There is a feeling here I’m desperate to find, one I’m searching for in the wrong place.
I put the things in my cart back on the shelves and walk out of the store, smiling. I drive to the studio and make a fresh pot of coffee. In my journal, I open up a new page and write out every feeling I’m missing in my life by not having those things.
I feel out of control
I feel panicked about not feeling safe
I want these new things to make me feel more at home
To make me feel in control, safe, and worthy
The lamps and seemingly insignificant things in that TJ MAXX cart cannot get me any of those needs.
The next day, I drive to a new yoga studio and courageously walk up to the counter. I’d like to buy a monthly pass, I smile at the warm face looking back at me.

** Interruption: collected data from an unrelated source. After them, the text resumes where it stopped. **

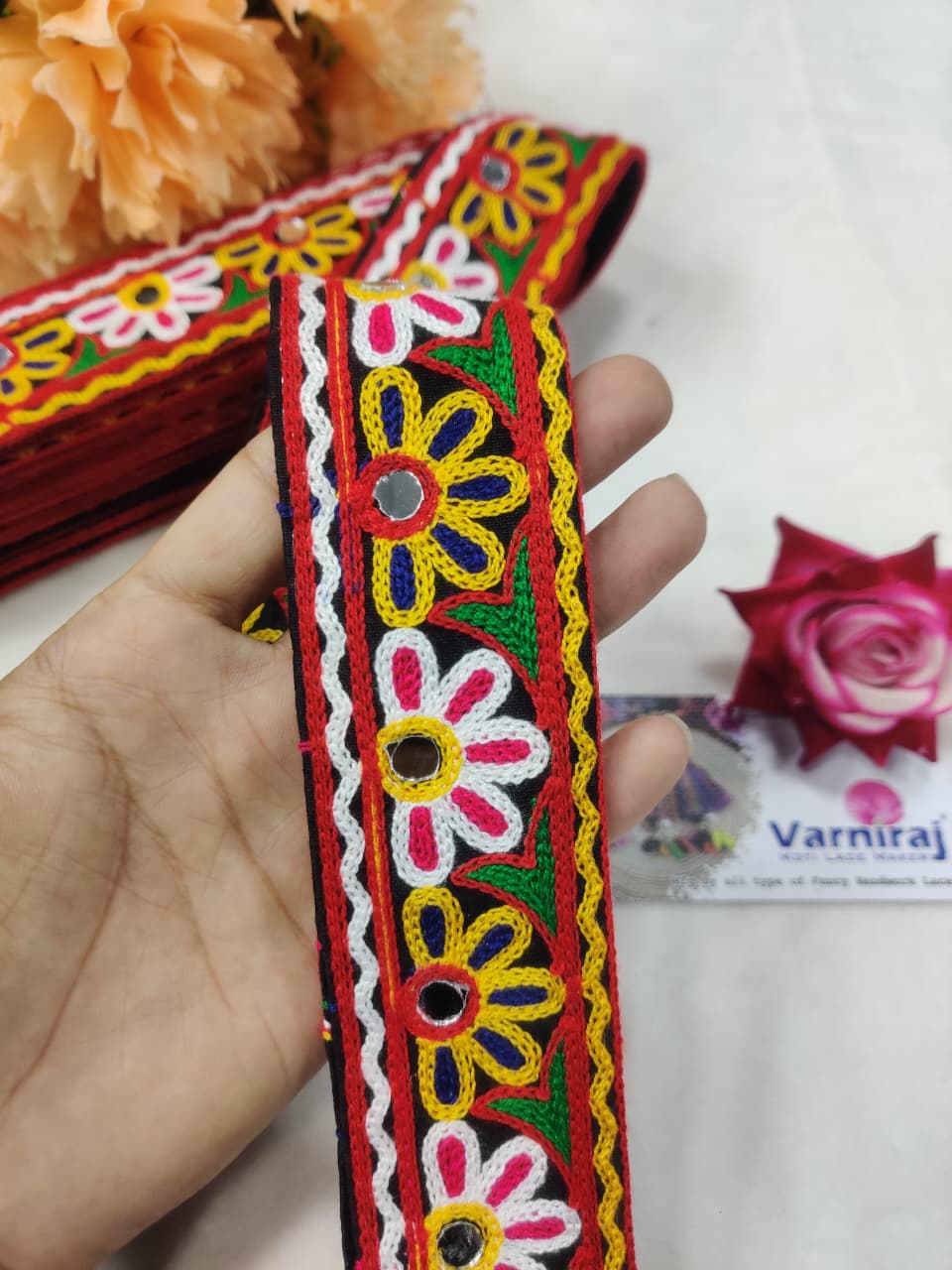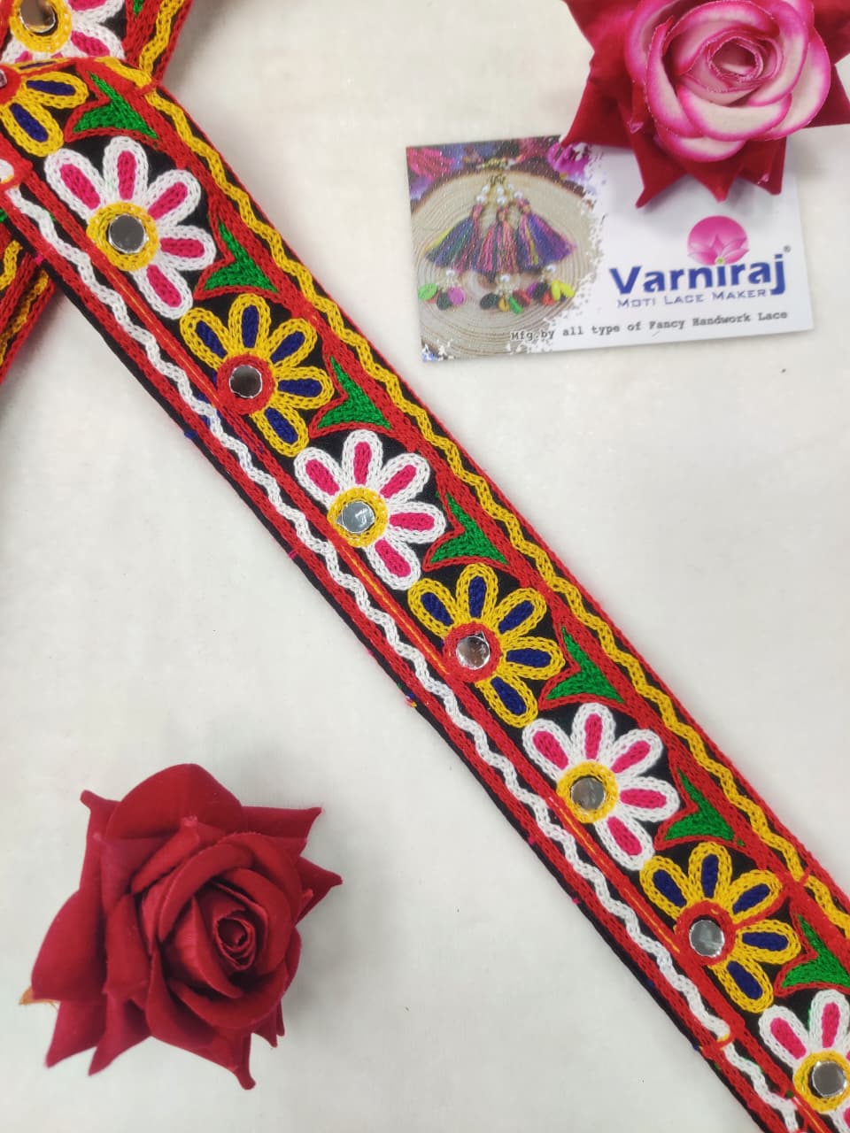This is a beautiful Kachi embroidery lace, featuring traditional mirror work and vibrant, multi-colored floral patterns. The lace is made from a high-quality thread that provides a rich, handcrafted look and feel. The small, circular mirrors are securely stitched into the design, adding a sparkling, eye-catching element that catches the light.
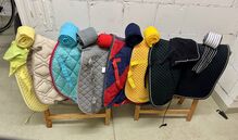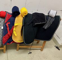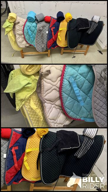 Bargain package with 7 dressage saddle pads, 18 bandages & fly ears - For sale here a colorful package with 7 dressage saddle pads in different colors.
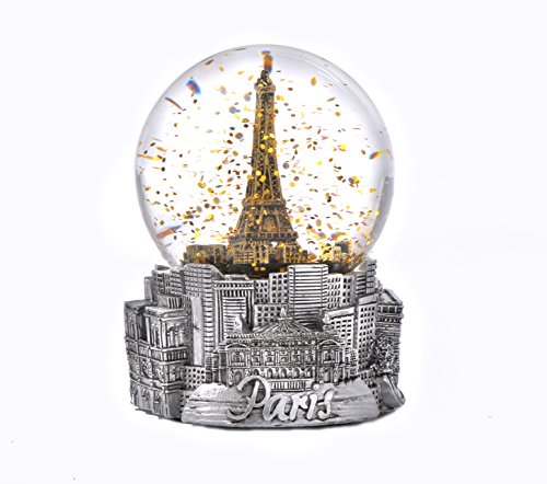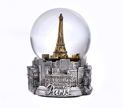 Paris France Eiffel Tower Snow Globe in Silver and Gold Exclusive 65mm
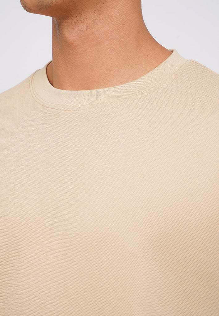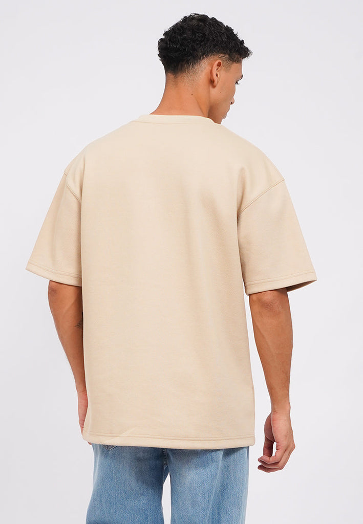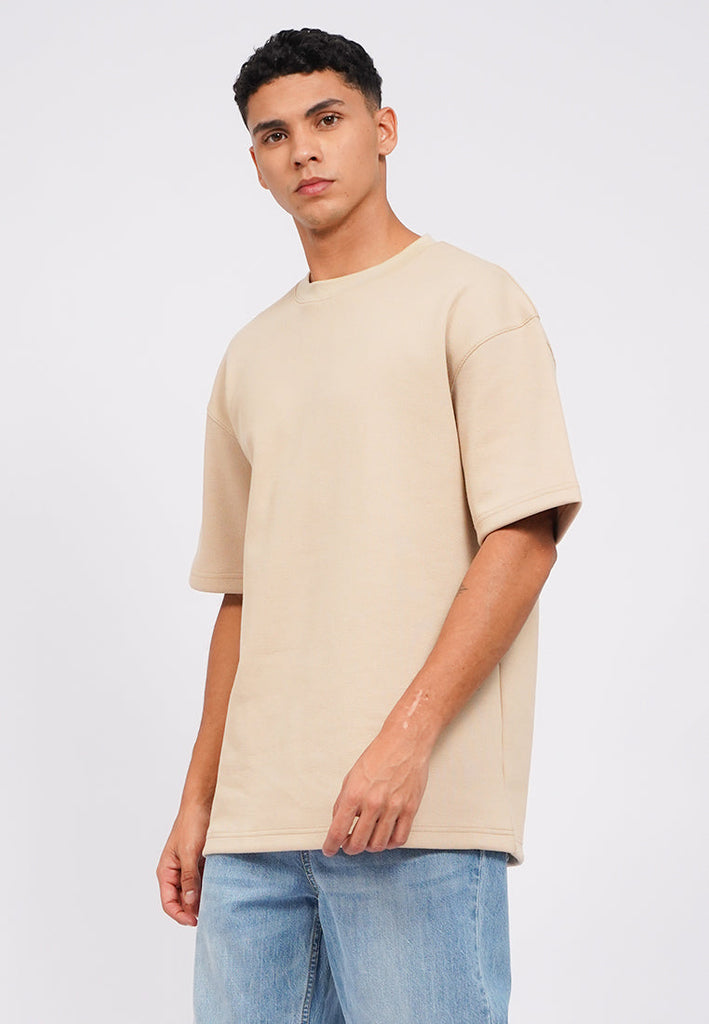 T-shirt lengan pendek, Round neck, Drop shoulder details, Textured fabric, Material: CVC Double Knit, Fit: Oversized, Color: Oat, Model info: Model Wearing Size M, Height: 182, Chest: 94, Waist: 75, Hips: 96, Art: 1-TSOCRT225J287
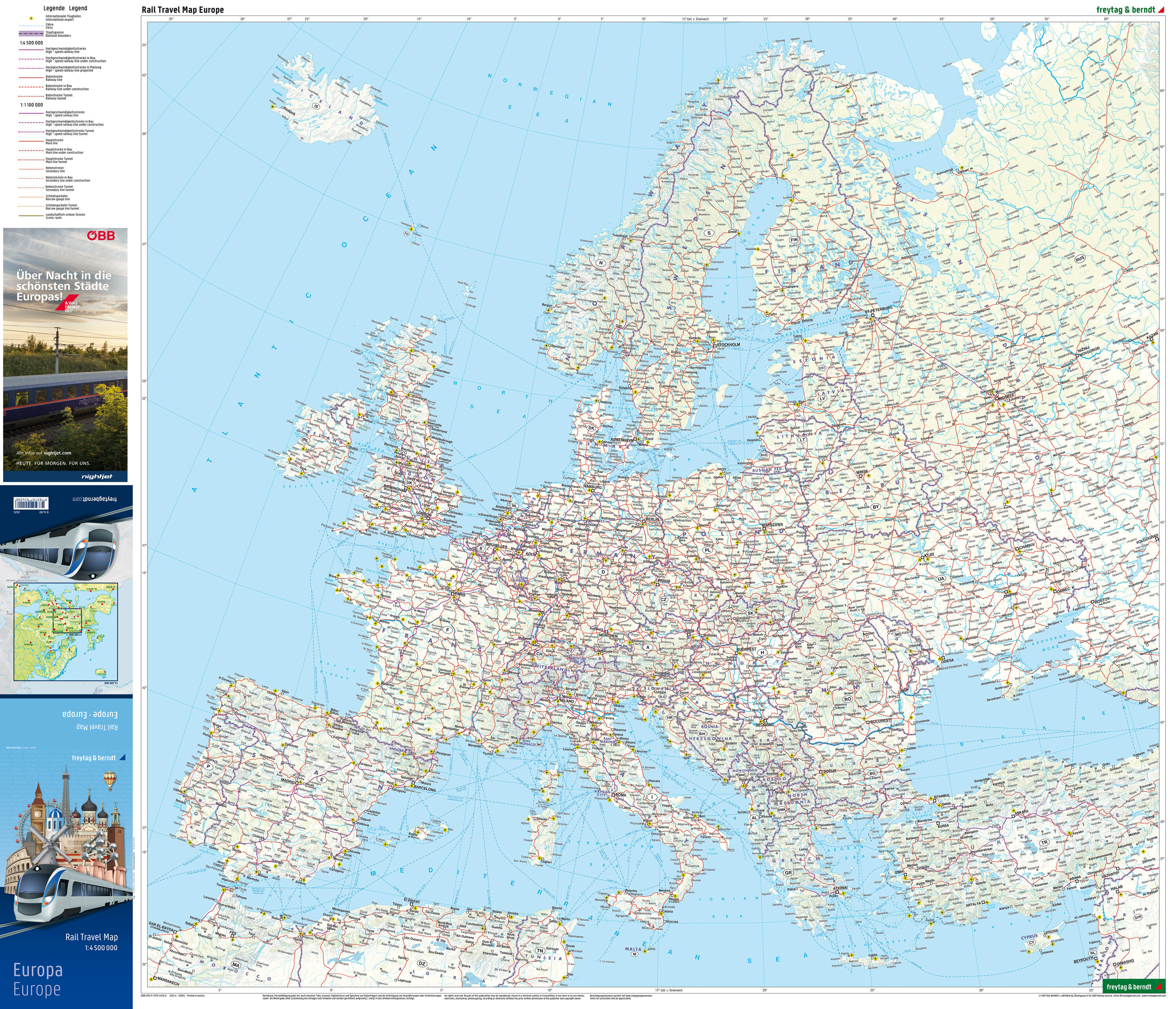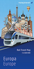 Die Eisenbahnkarte Europa von freytag & berndt ist ein Muss für Eisenbahnfans, Trainspotter und Interrailer! Sie deckt ein beeindruckendes Gebiet ab von den nördlichsten Punkten am Nordkap bis zum Roten Meer und von Marrakesch im Westen bis Taschkent im Os...
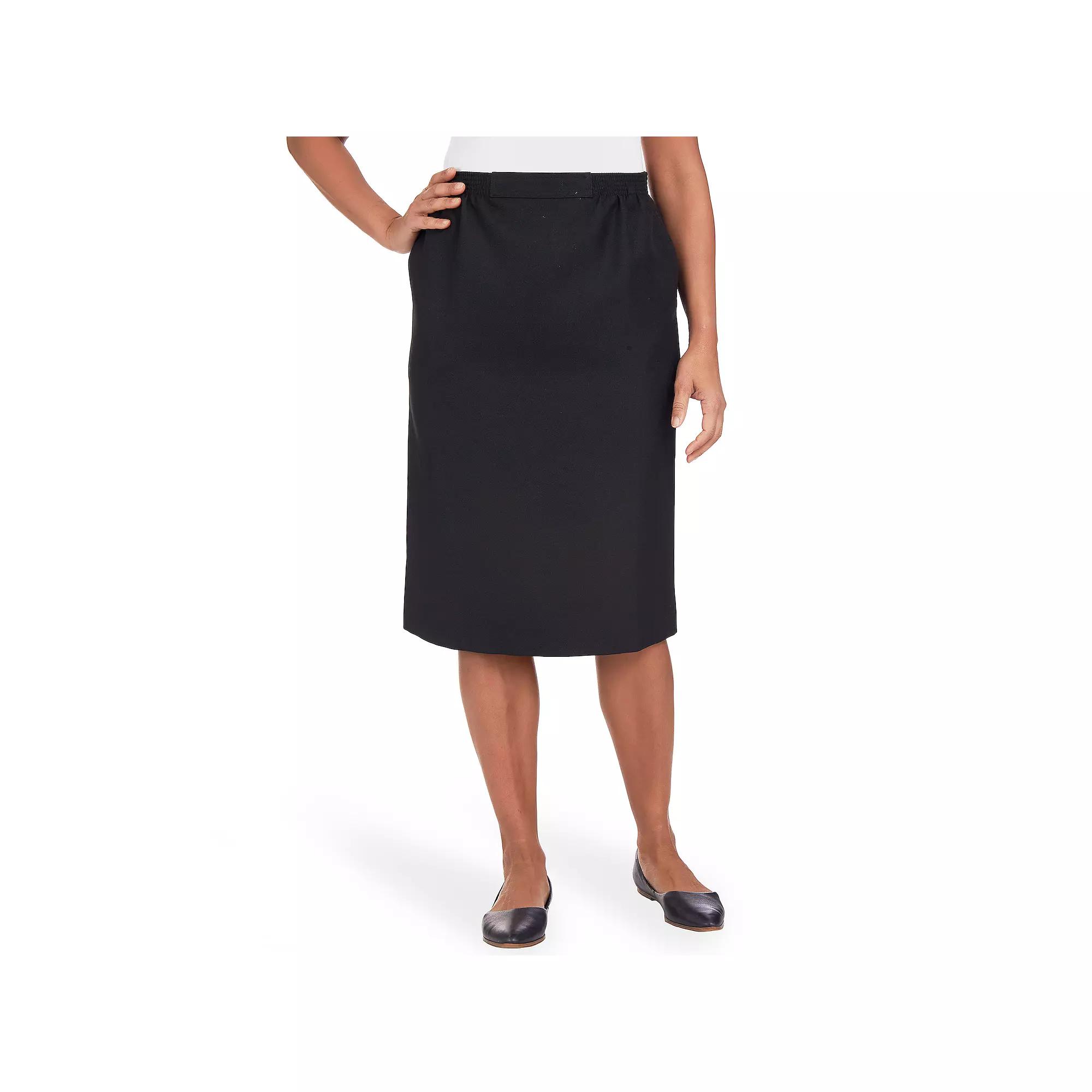 You'll look stylish in this Women's Alfred Dunner Cinch Waist Midi Skirt with Slant Pockets.Click on this WOMEN'S GUIDE to find the perfect fit and more!You'll look stylish in this Women's Alfred Dunner Cinch Waist Midi Skirt with Slant Pockets. Click on this WOMEN'S GUIDE to find the perfect fit and more!FEATURES Pencil silhouette Slant Pockets No closure - pull-on stylingFIT & SIZING 24 1/2-in. length Midi length hits below the knee Midrise sits on the high hip Elastic waistbandFABRIC & CARE Polyester Machine wash and tumble dry Imported Size: 16 Petite. Color: Black. Gender: female. Age Group: adult.

The money I don’t have for yoga is the money I now have for yoga, because I didn’t cave to my urges of instant gratification on a bad day. I gently unroll my mat from my bag, the sound of sticky feet padding across the wood floor sends little pulses of familiarity up under my skin. The buzz of safety I was searching for.
I plan on sitting with my pain more, and want to practice buying my way out of it less.
The buying never works. The sitting and looking does.
Tears to my eyes. I find myself feeling the exact way all of the time, dude. It's insane how collectively we all feel this way yet, so many of us can't seem to pinpoint it's destruction and we continue on. Beautifully written, Sam. Thank you for your words. They so beautifully and most importantly clearly, expose the ugly truth within modern consumerism. <3
Gosh I’m so with you here. I had to delete tiktok years ago because it made me feel like garbage. The weight of the world is heavy when consuming so much of what is going on with planet earth. It’s too much. As for consumerism, it’s such a blessing to have all these stores and items available but just like any vice, shopping can get out of hand. It’s like another type of addiction. I can’t afford to shop for things other than food right now, so I don’t go into shops that often. Even the smallest item in a thrift store gets me thinking if I want it for the satisfaction or if I actually need it. Anyway, I do hope something changes for people to crave shopping less. Maybe we need more spaces and activities for people to do instead of looking for material things to fill a void. Thanks for your article, it made me feel less alone.